Hello Everybody!!
So yesterday was our first full
day in Ghana. Due to a rain storm the night before (we are now in the rainy season) it was a lot

cooler (though still very warm) making everyone a lot happier. After class we had lunch at a local restaurant. I had jouffle (a seasoned rice) with goat, which was delicious. Goat tastes a lot like beef, but I found it to be a little more
flavorful and juicy. Afterwards we went to Krumah's Mausoleum. For those who do not know Ghana's history (I didn't before my courses began) Nkrumah was a Pan-African a

ctivist who fought against colonial rule not just in Ghana (which was ruled by Britain). He subsequently became Ghana's
first prime minister and then president. Though he was democratically elected only 18% of the voting population (won by 57% less than 50% of the pop. voted) voted for him, and he subsequently became a corrupt authoritarian. As a result he has a mixed legacy. Some love and idolize him much like George Washington in the US, others view him negatively for his corruptness and becoming an authoritarian. He was overthrown by coup while out of the country; betrayed by one of his best friends. Many idolize him for being a champion of decolonization and African rights, but others focus on his corruptness. My homestay has several of his books and a tray with his image so you can guess her opinion of him.
Then we went to the Art Center, a large market which primarily sells crafts. When the merchants saw our bus full of 'arbunis' they flocked towards it, banging on the windows trying to sell us goods before we even got off the bus. The moment my feet touched the ground several merchants swarmed around me shaking my hand in the traditional Ghana manner (a pronlonged hand shake that ends with the two people snapping their fingers against one anothers - I'm sure that You tube has a video of it which might better explain what it looks like) the unending string of hands attempting to shake mine has made me pretty good at it now. I now understand how celebrities feel being swarmed by fans and paperassi, its kinda cool for a couple seconds, and then quickly becomes rather stressful. We were all pulled and pushed by merchants to various stands and had things thrust into our faces. They are very intense barterers and I can't help but feel somewhat guilty when I force the price to less than 1/2 of their original demand. Even though I know they are trying to rip me off, I also know how badly they need the money, it is obvious from the intensity of their voice and their desperation when you begin to walk away. The most awkward moment was when, with one merchant I tried to explain to him that though I knew the item was worth more than I was willing to pay I could not afford to meet his demand, and that I would have to buy something of lesser quality and value. They all assume that since I am white and not from Ghana that I have endless amounts of money and that it is not of a concern to me. Which, relative to what Ghanaians make, is true (average wage in Accra, where the more wealthy people live, is 1,000 cedis a year (reminder 1 dollar = 1.4 cedis), the average teacher makes $2,000 cedis a year. Auntie Vic was complaining about how much college costs in Ghana (1 year tuition = 5,000 cedis)) yet I still have to watch what I spend, naturally.

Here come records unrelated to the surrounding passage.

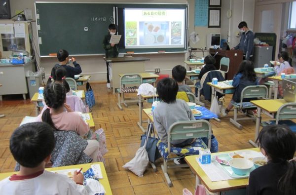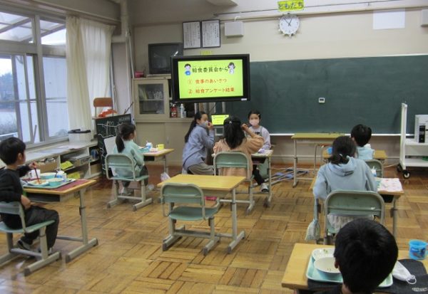 今日は、給食の時間にパワーポイントの資料を使って各クラスで「食事のあいさつ」について給食委員会の人が教えてくれました。「御馳走様」の由来などについて知りました。また事前に行った「好きな給食アンケート」を委員会の人たちがタブレットPCを活用して、表にまとめたことを発表することもしていました。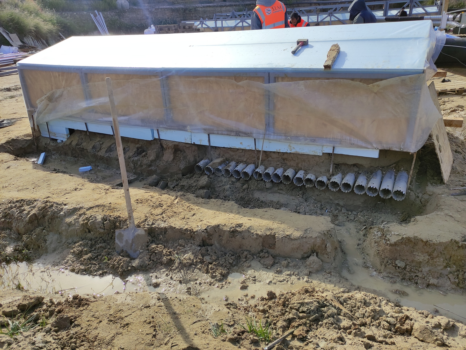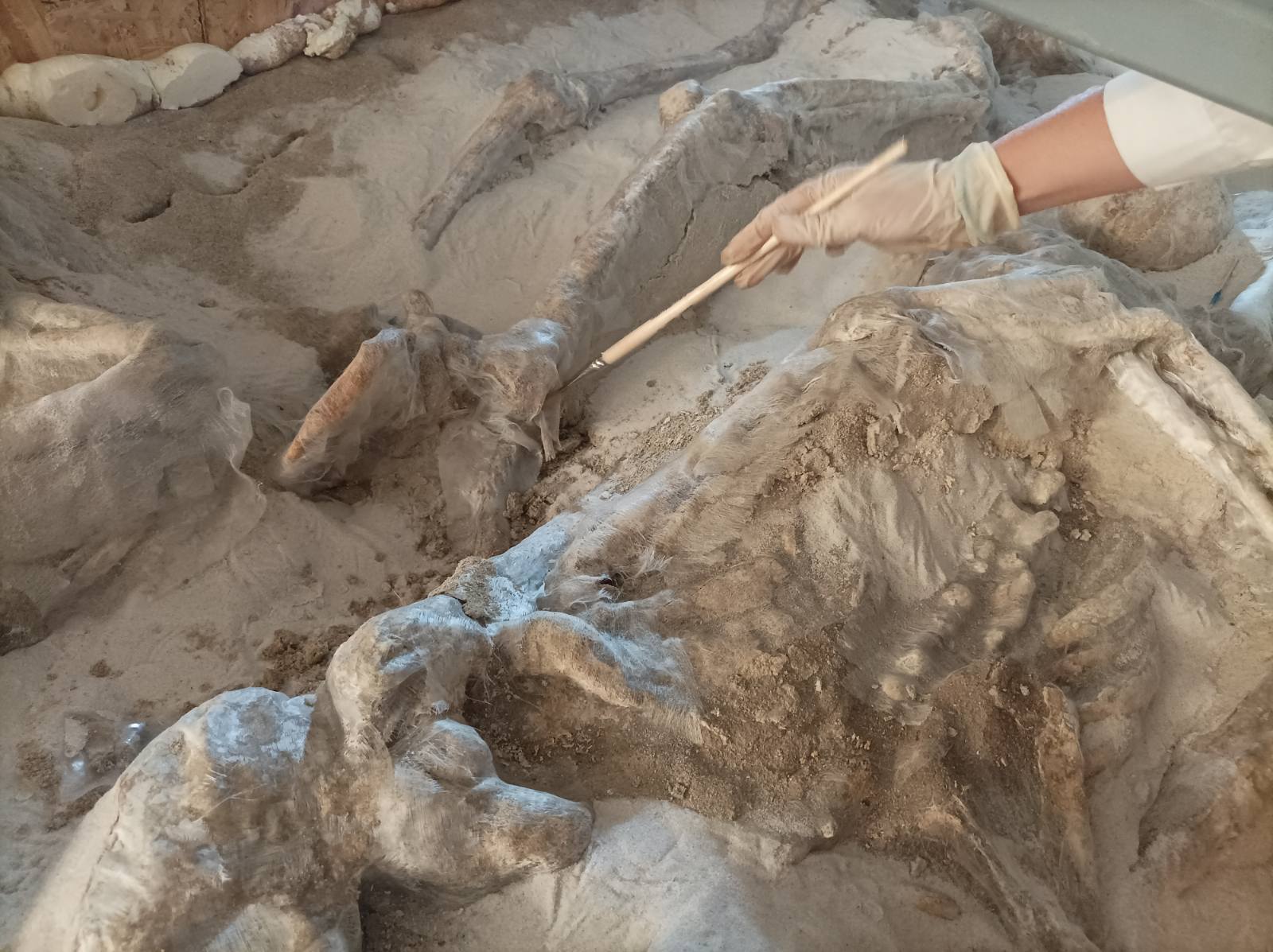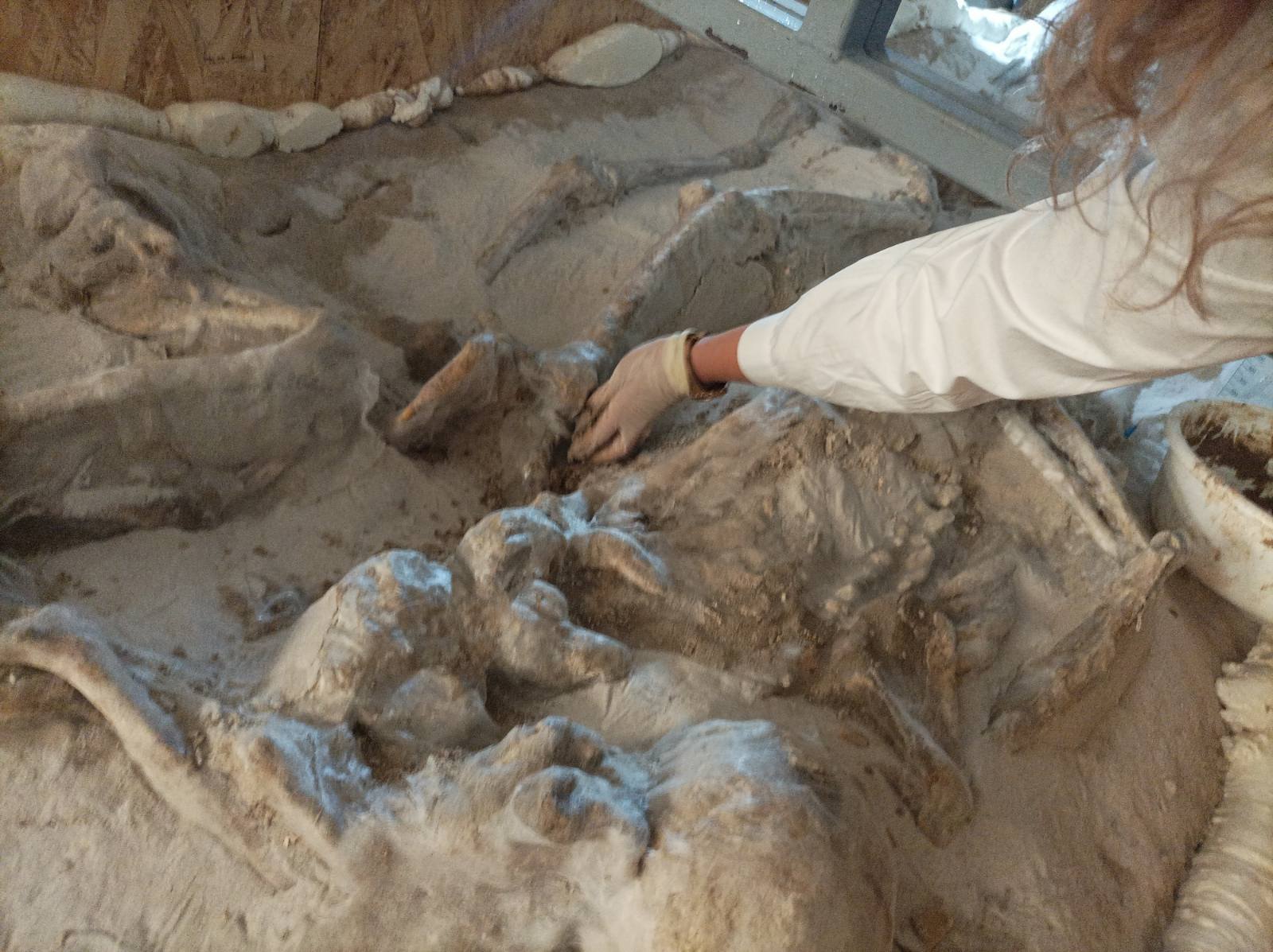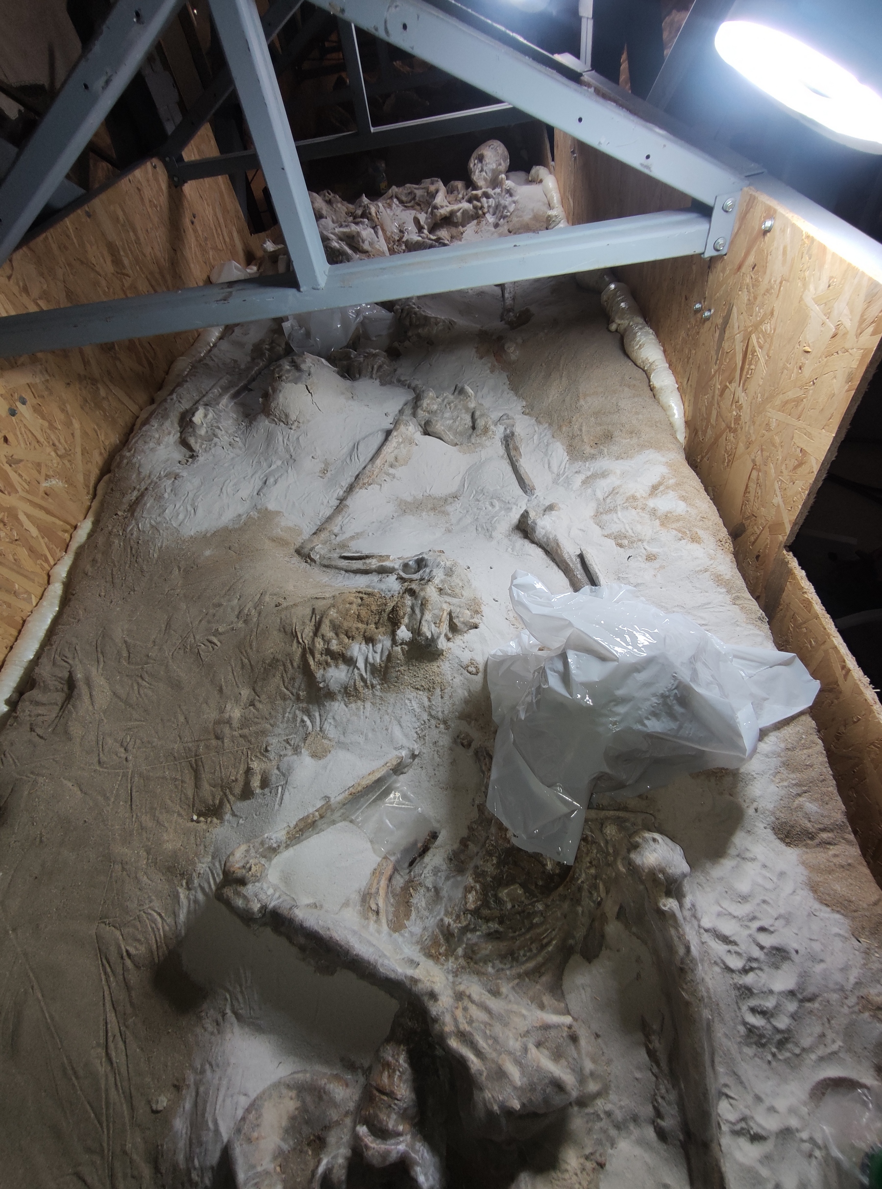 Από την αποκάλυψή του έως το τέλος του 2022, το οστεολογικό υλικό δεχόταν την φροντίδα των συντηρητών της Εφορείας Αρχαιοτήτων κατά χώραν. Όμως, δεδομένων των περιβαλλοντικών συνθηκών, της γειτνίασης με τον υδροφόρο ορίζοντα, τη συνεχή ανερχόμενη υγρασία, σε συνδυασμό με την ύπαρξη αλάτων και την διαρκή ανακρυστάλλωσή τους, αποφασίστηκε –μετά την ομόφωνα θετική γνωμοδότησή του Κεντρικού Αρχαιολογικού Συμβουλίου- η προσωρινή μετακίνησή του από το χώρο εύρεσής του σε κατάλληλα διαμορφωμένη παρακείμενη θέση, επάνω σε υπόβαση σκυροδέματος. Οι εργασίες μετακίνησης έγιναν, στις αρχές του 2023, με ολίσθηση επάνω σε σιδερένιες ράγες για τις δυο πρώτες συστάδες και από γερανοφόρο όχημα για την τρίτη συστάδα, αφού πρώτα το οστεολογικό υλικό εγκιβωτίστηκε σε ξύλινες κατασκευές και το σύνολο του ευρήματος συγκρατήθηκε με την κατασκευή μεταλλικού χωροδικτυώματος. Για τον έλεγχο των περιβαλλοντικών συνθηκών εγκαταστάθηκε εντός του προσωρινού κελύφους μηχανολογικός εξοπλισμός ύγρανσης-αφύγρανσης και κλιματισμού ενώ οι συνθήκες καταγράφονται διαρκώς μέσω ηλεκτρονικών καταγραφέων.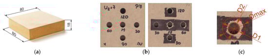 The 80 samples used for the experiments were cut from an 18 mm-thick MDF board. They had a square shape with dimensions of 80 × 80 mm (Figure 2a).

I do not mean in any way to give the merchants a bad rep. They were all extremely friendly, far more friendly than any store clerk I have ever interacted with in the States, there is just a lot of them all at once, and unlike the US you do not have the opportunity to just browse, so I think the stress came more from the overstimulation and strangeness of it all, than anything a merchant did. I had a great experience.